Exercise brief — Instruction for the entries below: return the part that opens with the line containing "Bripka Syahid rela" and closes with the line containing "截至10:22,数字经济ET", exactly, and no pictures.

(Data records)

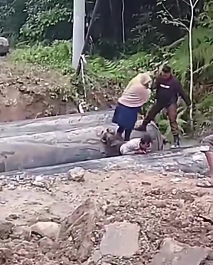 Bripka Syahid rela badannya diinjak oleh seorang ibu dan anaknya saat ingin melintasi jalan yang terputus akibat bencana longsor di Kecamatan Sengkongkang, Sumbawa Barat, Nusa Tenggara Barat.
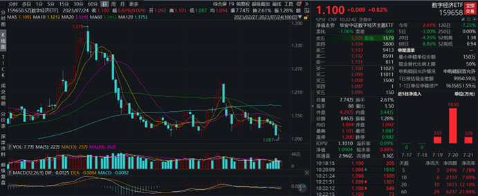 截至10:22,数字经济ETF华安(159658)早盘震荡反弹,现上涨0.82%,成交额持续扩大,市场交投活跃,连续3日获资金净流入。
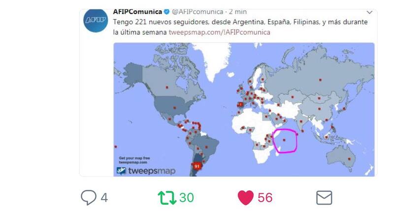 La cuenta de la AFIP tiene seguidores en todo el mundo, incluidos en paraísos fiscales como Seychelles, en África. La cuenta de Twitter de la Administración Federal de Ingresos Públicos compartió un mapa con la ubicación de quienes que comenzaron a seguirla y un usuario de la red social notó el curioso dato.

(End Data records)
(Data records)

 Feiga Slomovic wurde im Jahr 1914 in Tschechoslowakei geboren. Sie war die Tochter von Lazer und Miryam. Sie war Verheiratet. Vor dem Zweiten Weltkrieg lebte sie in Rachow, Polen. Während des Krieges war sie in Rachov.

(End Data records)
(Data records)

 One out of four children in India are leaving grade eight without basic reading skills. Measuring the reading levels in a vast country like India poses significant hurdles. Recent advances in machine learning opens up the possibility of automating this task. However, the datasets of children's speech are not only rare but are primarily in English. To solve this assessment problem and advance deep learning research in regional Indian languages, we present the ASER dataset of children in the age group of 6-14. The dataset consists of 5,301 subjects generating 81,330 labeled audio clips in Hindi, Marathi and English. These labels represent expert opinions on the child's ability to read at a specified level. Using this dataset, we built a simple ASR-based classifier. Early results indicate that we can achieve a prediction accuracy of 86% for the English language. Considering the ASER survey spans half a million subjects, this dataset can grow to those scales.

(End Data records)

Task result —
 Bripka Syahid rela badannya diinjak oleh seorang ibu dan anaknya saat ingin melintasi jalan yang terputus akibat bencana longsor di Kecamatan Sengkongkang, Sumbawa Barat, Nusa Tenggara Barat.
 截至10:22,数字经济ETF华安(159658)早盘震荡反弹,现上涨0.82%,成交额持续扩大,市场交投活跃,连续3日获资金净流入。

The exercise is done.